Поняв, что распрощаться с кинжалом вряд ли удастся, Надя хотела распрощаться с «человеком науки». Однако Каширский вдруг заговорил очень быстро, будто пытаясь в чем-то переубедить свою собеседницу:
– Да, вы можете мне не верить. Не стану оправдывать себя, ибо оправдания мне нет и быть не может. Да, я преступник, на моей совести немало злодеяний и загубленных жизней, но я всегда стремился избежать лишних жертв, если это было хоть сколько-то возможно. Я и Анну Сергеевну всегда старался удержать от бессмысленного кровопролития…
Это действительно было так – и Надя могла в том убедиться вчера, или, вернее, вчера двадцать лет назад: утром в Вермутском парке, а затем в лесу, после третьего неудачного покушения.
Поняв, что, кроме общих слов, она уже вряд ли чего-либо от господина Каширского дождется, Надежда хотела было расстаться с ним окончательно, но какая-то неведомая сила удерживала ее и заставляла слушать дальше.
– Вот этот вот кинжал, который вы держите – кажется, вроде бы просто кусок стали, а сколько человеческих душ им погублено! И кто знает, кому он служил до того, как попал к Анне Сергеевне? И вы просите меня вернуть ей это орудие!
Каширский на миг замолк, не то затем, чтобы перевести дыхание, не то ожидая возражений. Но Надя молчала, и Каширский заговорил вновь:
– В ваших силах, госпожа Чаликова, разомкнуть этот зловещий порочный круг. Только одна вы способны обернуть силы зла на служение добру. Я бы и сам присоединился к вам, но тяжесть совершенных мною злодеяний не дает мне обратиться в сторону света. Мое положение очень трудное – я вынужден противостоять тьме, будучи частью этой тьмы, и это сковывает меня по рукам и ногам. А вы, Надежда – вы совсем другое дело…
Надя слушала быстрый говор Каширского, пытаясь уловить смысл его речи, но это было чем дальше, тем труднее, хотя вроде бы говорил он простые и разумные вещи, и к тому же почти без обычных своих псевдонаучных «наворотов». Надежда понимала одно – Каширский говорит искренне и оттого так путано.

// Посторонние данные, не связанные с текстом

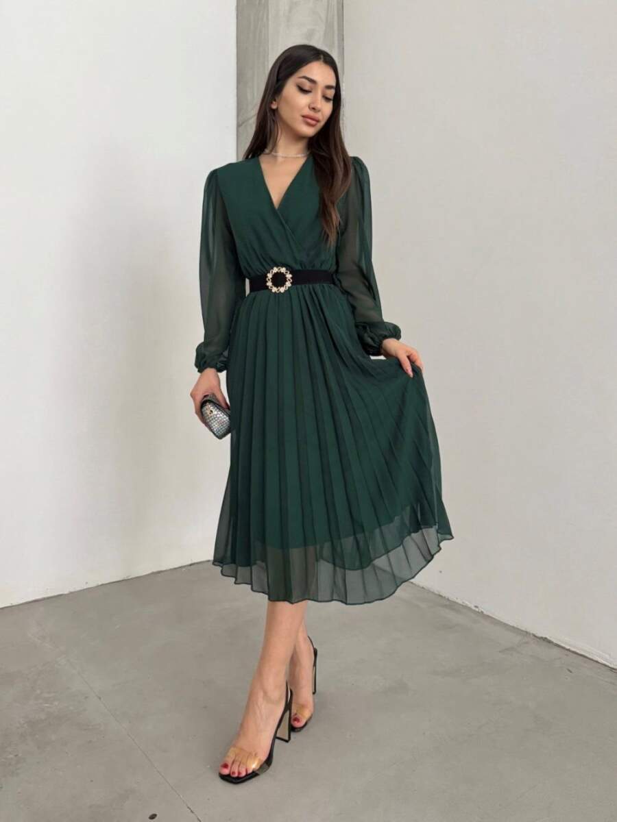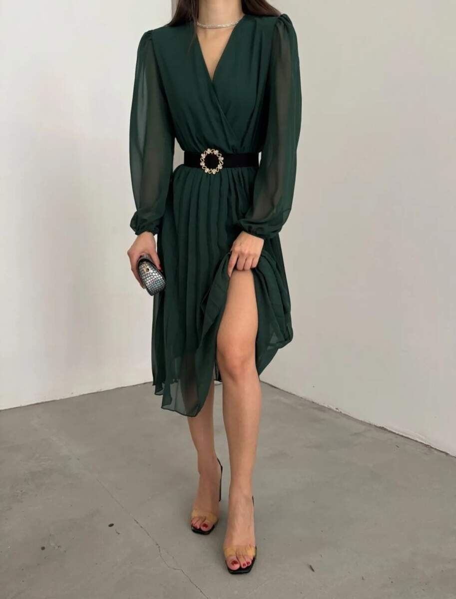 Kadın şifon Kumaş Astalı Kloş Kesim Kruvaze Yaka Midi Boy Elbise

И когда Каширский, словно бы выговорив все, что накопилось на душе, стремительно и не оглядываясь пошел прочь, Надя ощутила чувство огромного облегчения. Некоторое время она стояла посреди улицы, бездумно сжимая кинжал, но потом, опомнившись, спрятала его в сумку и медленным шагом двинулась вперед.
* * *
Когда Василий переступил порог Храма Ампилия Блаженного, огромного собора, построенного еще при царе Степане, он увидел множество людей, среди которых было немало священнослужителей и Государевых сановников. Чуть поодаль толпился простой народ. Подойти поближе к отпеваемому из-за многолюдства не было никакой возможности, и Дубов мог только увидеть, что гроб был закрыт – наверняка из-за следов нечеловеческих пыток, которым злодеи подвергли отца Александра.
Заметив среди мирян пожилого человека в рясе, Дубов незаметно подошел к нему:
– Извините, батюшка, что тревожу вас в столь скорбный час. Нет ли здесь отца Иоиля? Ну, того, кто был священником на Сороках до отца Александра.
Дубов и сам толком не знал, зачем ему понадобился отец Иоиль. Но надо же было с чего-то начинать расследование?
– Отец Иоиль – это я, – дотронувшись до седой бородки, с легким поклоном ответил священник. – Чем могу служить?
– Видите ли, отец Иоиль, я был другом покойного Александра Ива… отца Александра, – тихо заговорил Дубов. – И теперь…
– Понимаю, – кивнул отец Иоиль и незаметно отвел Василия в сторонку, за мощную колонну, поддерживающую высокий свод храма. – Здесь мы не будем никому мешать. Уважаемый… Простите, как ваше имя-отчество?
– Савватей Пахомоыч, – чуть замявшись, ответил Дубов. Именно таким именем-отчеством он пользовался в прошлом году в Новой Мангазее
– И вы, почтенный Савватей Пахомыч, не очень доверяя нашим государственным сыскарям, собираетесь сами доискаться до истины?
Василий чуть заметно вздрогнул – старый священник словно читал его мысли.
– Напрасно, сын мой, напрасно, – чуть возвысил голос отец Иоиль, как показалось Дубову – нарочно для неприметного господина в неприметном кафтане, вдруг оказавшегося по другую сторону колонны. – Никто не сомневается, что злодеи будут найдены и наказаны со всей строгостью, – назидательно продолжал отец Иоиль. – Только что перед вами тут побывал Государь, он отдал последний долг покойному и сказал, что самолично проследит за ходом расследования.
– Ну, коли сам Государь… – развел руками Василий.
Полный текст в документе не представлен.